[Opening RECORDS FOR THIS EXERCISE section]

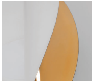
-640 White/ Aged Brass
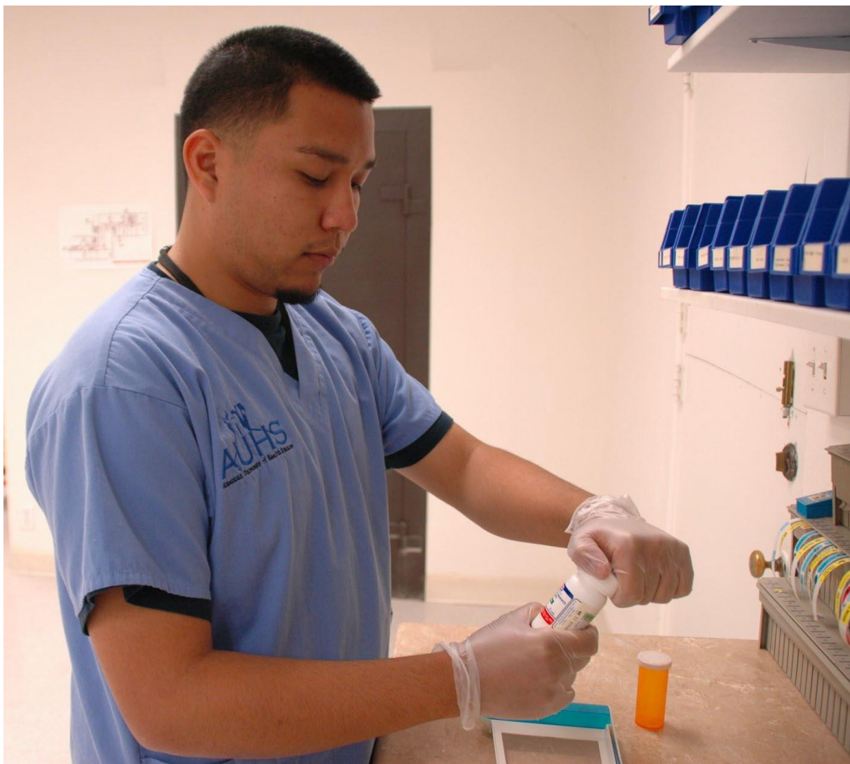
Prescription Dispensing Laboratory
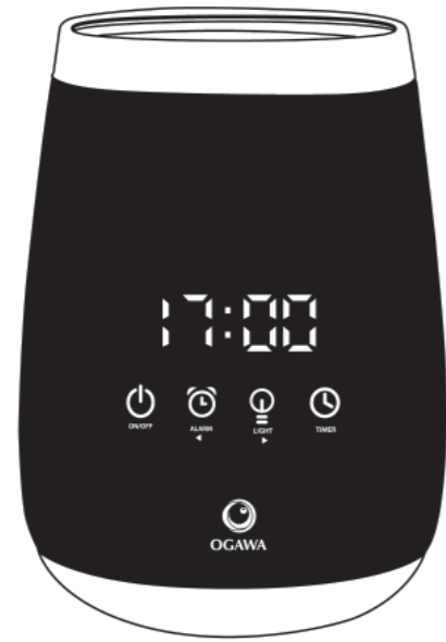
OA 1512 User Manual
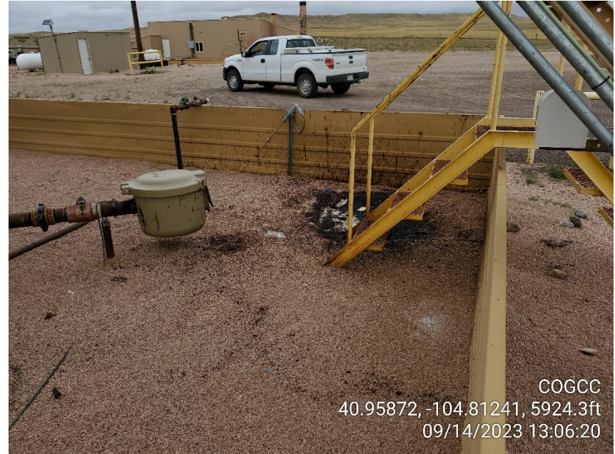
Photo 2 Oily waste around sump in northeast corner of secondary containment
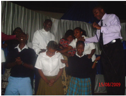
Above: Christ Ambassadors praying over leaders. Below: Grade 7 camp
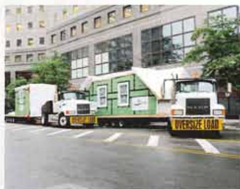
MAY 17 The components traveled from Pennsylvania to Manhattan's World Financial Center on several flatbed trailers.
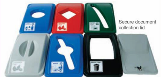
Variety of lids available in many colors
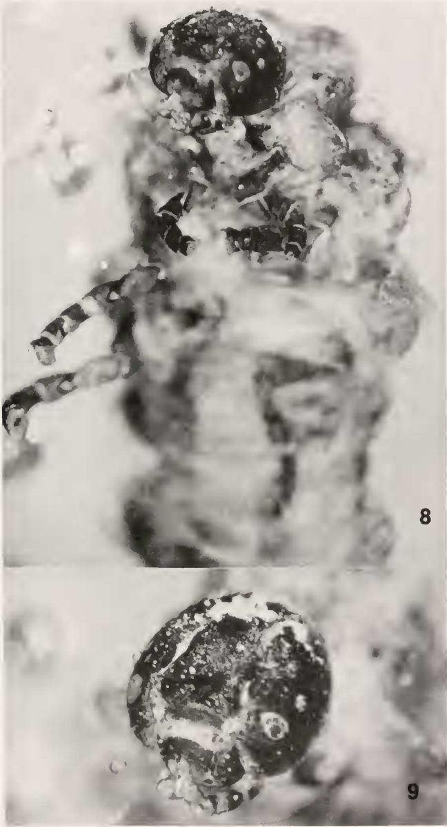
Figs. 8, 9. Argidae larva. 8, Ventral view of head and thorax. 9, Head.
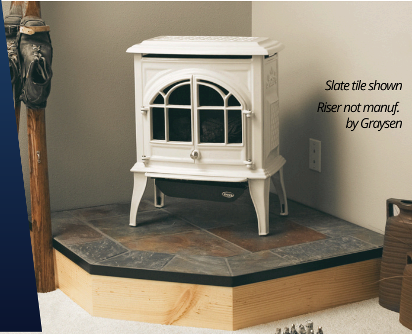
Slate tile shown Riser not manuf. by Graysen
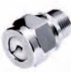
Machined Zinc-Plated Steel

[Closing RECORDS FOR THIS EXERCISE section]

=== EXERCISE ===
Beginning at the line that contains "MAY 17 The components" and ending at the last line of the data, return each line exactly; no picture belongs in the copy.

=== TASK RESPONSE ===
MAY 17 The components traveled from Pennsylvania to Manhattan's World Financial Center on several flatbed trailers.
Variety of lids available in many colors
Figs. 8, 9. Argidae larva. 8, Ventral view of head and thorax. 9, Head.
Slate tile shown Riser not manuf. by Graysen
Machined Zinc-Plated Steel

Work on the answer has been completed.